It’s been more than two years since the economy cratered and we still have no explanation as to what happened.

Calls for a “modern version of the Pecora Hearings — the Senate Banking Committee hearings in the 1930s that laid bare the inner (and rotten) workings of the biggest financial firms” — have fallen on deaf ears.

But there’s still a chance we can get to the bottom of the mess — if we listen to Simon Johnson. The economist and MIT professor is calling for confirmation hearings for Elizabeth Warren as the official head of the new Consumer Financial Protection Bureau.

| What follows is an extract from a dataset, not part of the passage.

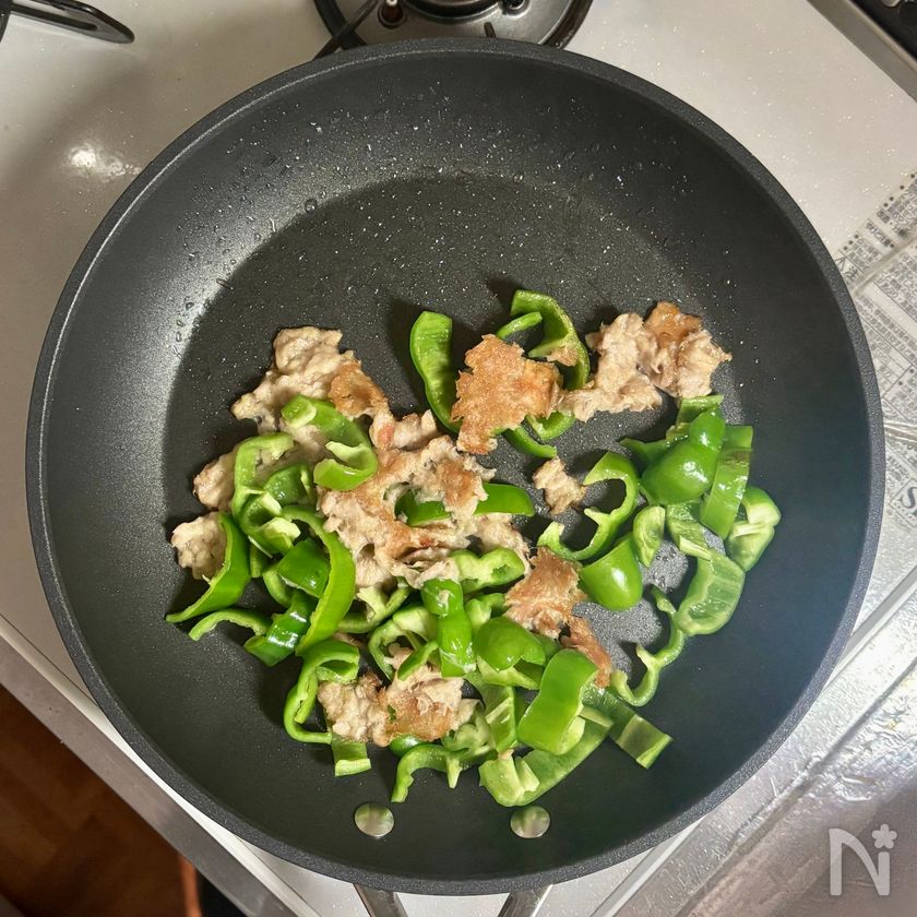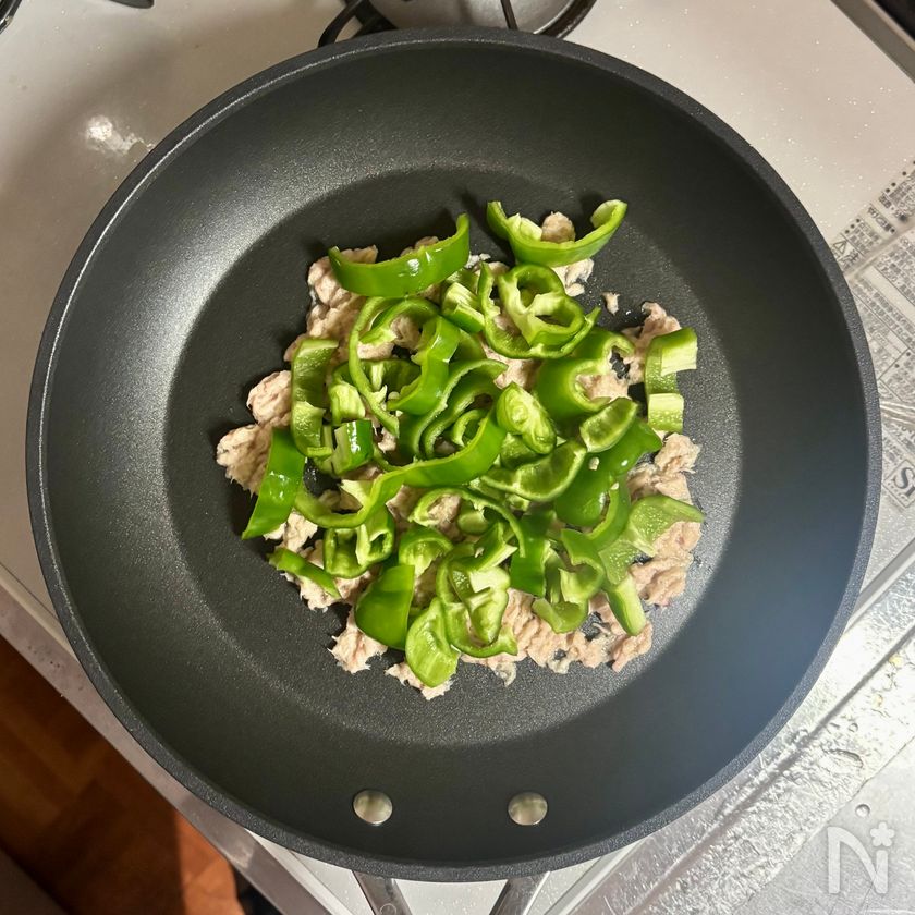 ツナをほぐしながら、ピーマンが好みの固さになるまで1〜2分炒める。

A proper Senate confirmation hearing would be the perfect platform for Ms. Warren to explain, (a) not only do “too big to fail” banks now constitute and hugely dangerous government subsidy scheme, but (b) based on these subsidies, they are becoming larger and acquiring more market power that can be — and has been — used to abuse consumers in a nontransparent fashion.

All attempts so far to construct some form of Pecora Hearings have failed — partly because the issues are complex and partly because of partisan fighting. The Financial Crisis Inquiry Commission made some progress but could reach no consensus (or bring anyone to justice). Senator Levin’s hearings into Goldman Sachs grabbed attention and were most helpful in the Dodd-Frank reform debate but again no one is going to jail — and few people even grasp what were the real issues at stake. And the Department of Justice has preferred to pursue insider trading cases, perhaps taking the view that these are easier to explain to juries.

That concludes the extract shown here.